▶ _WHAT THIS TASK INVOLVES_
Using the listing below, set down exactly the lines starting at the line that contains "Es difícil no" and ending at the line that contains "Dreaming of a", both included, and no others.

▶ _RECORD EXTRACTS_
******
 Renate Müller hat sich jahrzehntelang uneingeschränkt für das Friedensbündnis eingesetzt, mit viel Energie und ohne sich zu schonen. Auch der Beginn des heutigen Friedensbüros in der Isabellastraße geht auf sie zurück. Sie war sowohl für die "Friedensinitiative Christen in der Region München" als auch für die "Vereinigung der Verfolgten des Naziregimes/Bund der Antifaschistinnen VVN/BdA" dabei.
******
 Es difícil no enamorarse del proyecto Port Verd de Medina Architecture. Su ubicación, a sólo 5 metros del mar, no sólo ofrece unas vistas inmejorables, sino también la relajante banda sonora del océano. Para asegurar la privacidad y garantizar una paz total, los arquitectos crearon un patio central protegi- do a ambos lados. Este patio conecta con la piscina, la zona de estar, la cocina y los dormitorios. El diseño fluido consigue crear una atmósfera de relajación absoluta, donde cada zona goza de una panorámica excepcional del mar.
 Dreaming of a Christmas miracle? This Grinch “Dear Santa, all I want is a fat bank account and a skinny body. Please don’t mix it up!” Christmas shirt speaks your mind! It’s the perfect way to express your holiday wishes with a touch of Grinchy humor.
******
▶ _SOLUTION BELOW_
 Es difícil no enamorarse del proyecto Port Verd de Medina Architecture. Su ubicación, a sólo 5 metros del mar, no sólo ofrece unas vistas inmejorables, sino también la relajante banda sonora del océano. Para asegurar la privacidad y garantizar una paz total, los arquitectos crearon un patio central protegi- do a ambos lados. Este patio conecta con la piscina, la zona de estar, la cocina y los dormitorios. El diseño fluido consigue crear una atmósfera de relajación absoluta, donde cada zona goza de una panorámica excepcional del mar.
 Dreaming of a Christmas miracle? This Grinch “Dear Santa, all I want is a fat bank account and a skinny body. Please don’t mix it up!” Christmas shirt speaks your mind! It’s the perfect way to express your holiday wishes with a touch of Grinchy humor.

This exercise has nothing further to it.